Yesterday, which happened to be my ninth wedding anniversary, marked the end of the life of Fred Phelps. Fred Phelps was the founder and patriarch of Westboro Baptist Church. This “church,” a tiny group with a huge voice, was known for picketing the funerals of our soldiers with their “God Hates Fags” message. They represent all that homosexuals think Christians really are. And you know things are bad when even the KKK has protested your protests. Wow.
I remember distinctly the first time I came into contact with members of this “congregation.” ((I’m assuming it was they, but it could have been a clone church preaching the same message. When I asked one of the agitators what church he belonged to, all he would say, after looking very bewildered, was, “I’m a member of the church of Jesus Christ.” He had been flipping through pages in his Bible looking very pious, and apparently he didn’t understand my questions at first because he was so lost in heavenly splendor.)) I was at Georgia Tech, and I had been witnessing to a number of homosexual classmates. One lesbian in particular was very interested in Christianity, and we talked once or twice a week. We had become friends of sorts. We didn’t agree on anything, but she had never experienced cordial and patient discourse on the Bible before, and she was having trouble putting me in the same simplistic compartment she had created for what she thought Christianity was—small-hearted, narrow-minded, ignorant, hateful superstition.

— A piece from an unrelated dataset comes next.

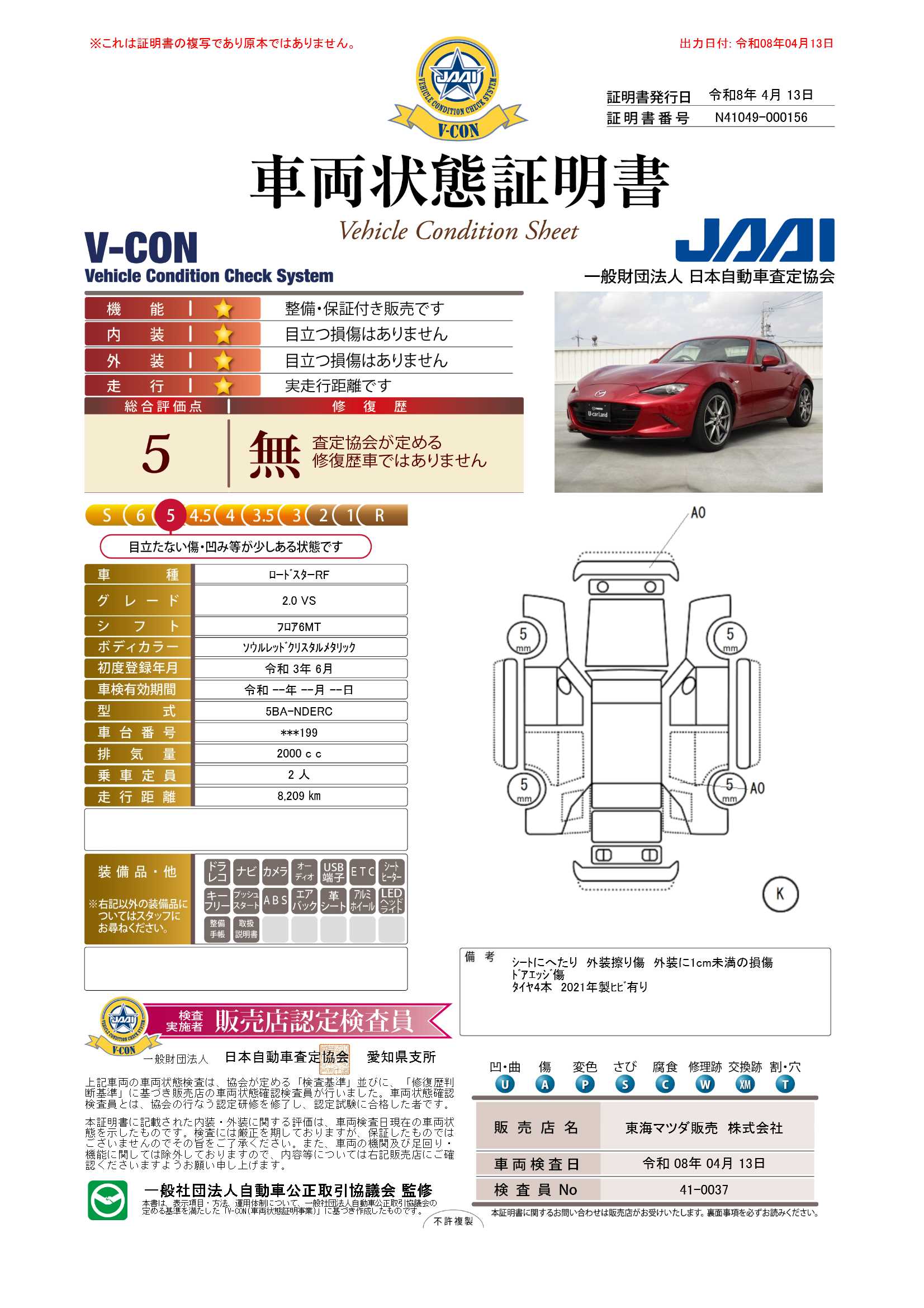 - 装備や写真の状態などが現車と異なる場合は、現車を優先いたします。
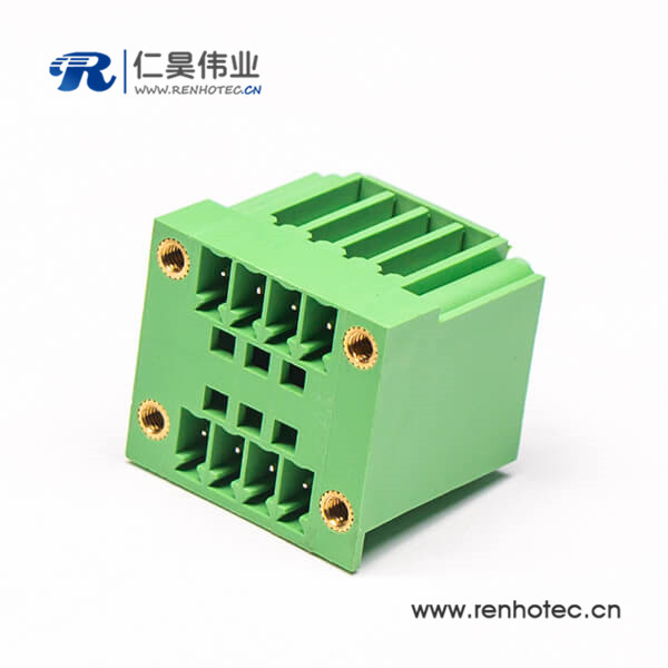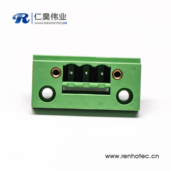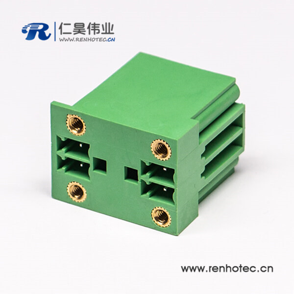 4芯插拔式接线端子方形穿孔式四孔法兰直式绿色端子

But then a group of picketers showed up at our “Free Speech” zone with signs saying things like “God Hates Fags” and “Homosex is Sin.” The thing is, I don’t necessarily disagree that God hates sin and is angry with the wicked every day. I don’t disagree that homosexuality is a sin. What I think is unhelpful about these groups is their hateful angry spirits, and their special distaste for only one kind of sin.
Homosexuality is not worse than adultery or murder. And given the ridiculous rate of unbiblical divorce and abortion in this country, I would say that heterosexual unfaithfulness is probably a bigger, more widespread issue than homosexuality.
Furthermore, sinners need and get grace and forgiveness. God may be angry with the wickedness of the wicked every day. But He has that right. That doesn’t mean we do. And even if we are to hate what he hates, that doesn’t mean we have the freedom to hate in the same way he does. Because he doesn’t have any logs of hypocrisy he needs to remove. We aren’t supposed to take revenge. Vengeance is God’s, remember? And James says specifically, “The anger of man does not accomplish the righteousness of God.” And that’s just what I saw at that “Free Speech” zone that day—the anger of man.
If you’ve never witnessed this group picketing, you have no idea how discouraging and demeaning it is. They were literally screaming insults at everyone passing by. My lesbian friend passed by and got into a fruitless argument apparently. Later, she came up to me very distressed. She said, “Michael, do you agree with these people?” I told her, “I don’t agree with their emphasis or their methods.” And she said, “But you think homosexuality is a sin?” I told her I did. “Then you’re no different from them,” she said.
They ruined months and months of interaction in a few minutes. It took me months more before she trusted again that I wasn’t filled with a spirit of hate. I fail to see that they have ever done any good for the cause of Christ.
So with that, I hope that the passing of Fred Phelps means that his organization will fall apart. I really do. But not because I’m hateful. And I won’t rejoice in his death. But I hope all his children and relatives lose heart in this hateful and destructive misrepresentation of Christianity. It can’t happen soon enough.